Doré v. Barreau du Québec 2012 SCC 12
Barristers and Solicitors - Duty to public - General - Duty to conduct oneself with objectivity, moderation and dignity (incl. civility)
The Disciplinary Council of the Barreau du Québec reprimanded a lawyer for the content of a letter he wrote to a judge after a court proceeding. That decision was upheld by the Tribunal des professions. The lawyer applied for judicial review, inter alia, challenging the constitutionality of the decision, claiming that it violated his freedom of expression (Canadian Charter of Rights and Freedoms, s. 2(b)).
The Quebec Superior Court, in a decision with neutral citation 2008 QCCS 2450, dismissed the application. The lawyer appealed.
The Quebec Court of Appeal, in a decision with neutral citation 2010 QCCA 24, dismissed the appeal. The court acknowledged that the Disciplinary Council’s decision was a breach of s. 2(b), but applying a full s. 1 Oakes analysis upheld the decision. The lawyer appealed again. At issue was the appropriate framework to be applied in reviewing administrative decisions for compliance with Charter protections (i.e., whether the s. 1 Oakes framework developed for reviewing laws for compliance with the Constitution or an approach which integrated Charter values into the classic administrative law approach to judicial review was to be used).

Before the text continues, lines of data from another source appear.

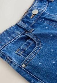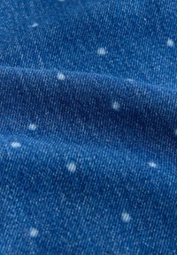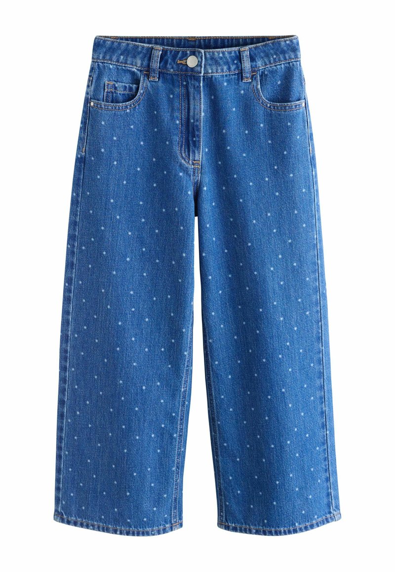 Niebieskie dżinsy o szerokich nogawkach w białe kropki, z przodem na guziki i zamek błyskawiczny, szlufkami na pasek oraz przednimi i małą kieszonką.
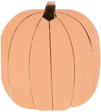 Zestaw 16 serwetek w kształcie dyni. Serwetki wykonane są z miękkiego i chłonnego papieru. Doskonałe na imprezę Halloweenową. Wymiary rozłożonej serwetki: 30,5 x 33 cm
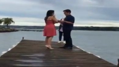 Fotógrafa rouba a cena ao cair no lago durante um pedido de casamento
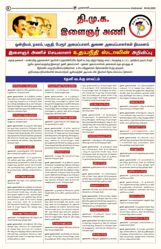 தற்போது, தமிழகம் முழுவதும் திமுக இளைஞரணி சார்பாக, மாநில இளைஞரணி செயலாளரும், துணை முதலமைச்சருமான உதயநிதி ஸ்டாலின், ஒன்றியம், நகரம், பகுதி, பேரூர் அமைப்பாளர்கள், துணை அமைப்பாளர்கள் நியமனம் செய்து வருகிறார். இந்நிலையில், கழகத் தலைவர் முதலமைச்சர் மு.க ஸ்டாலின் உத்தரவின் பேரில்
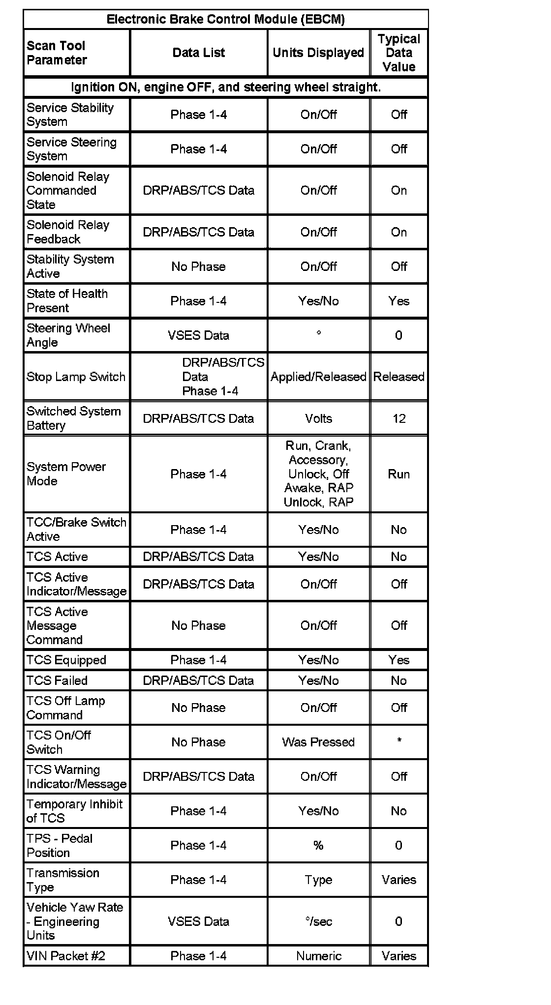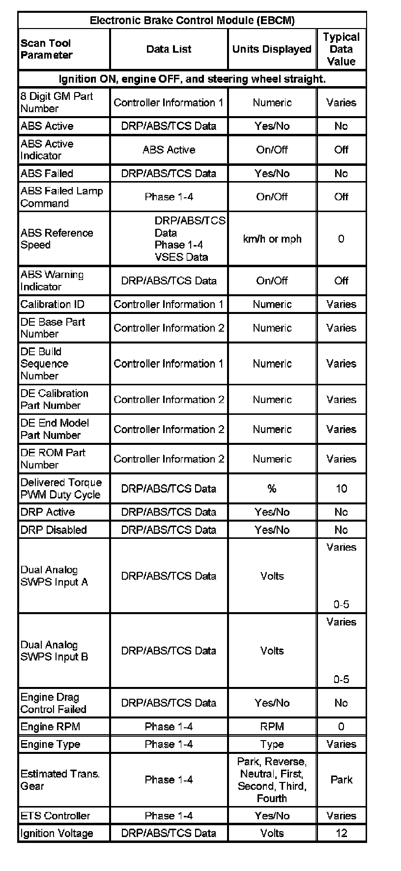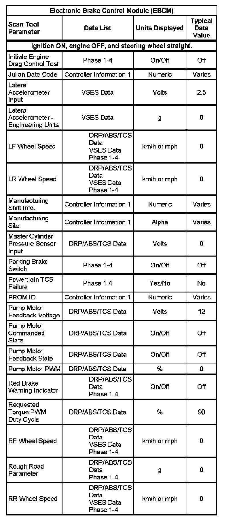 Scan Tool Data List

The Supreme Court of Canada held that in determining whether administrative decision-makers exercised their statutory discretion in accordance with Charter protections, the administrative law approach was appropriate. The standard of review was reasonableness. In this case, the discipline committee’s decision to reprimand the lawyer reflected a proportionate balancing of its public mandate to ensure that lawyers behaved with “objectivity, moderation and dignity” with the lawyer’s expressive rights. It was, as a result, a reasonable one. The court dismissed the appeal.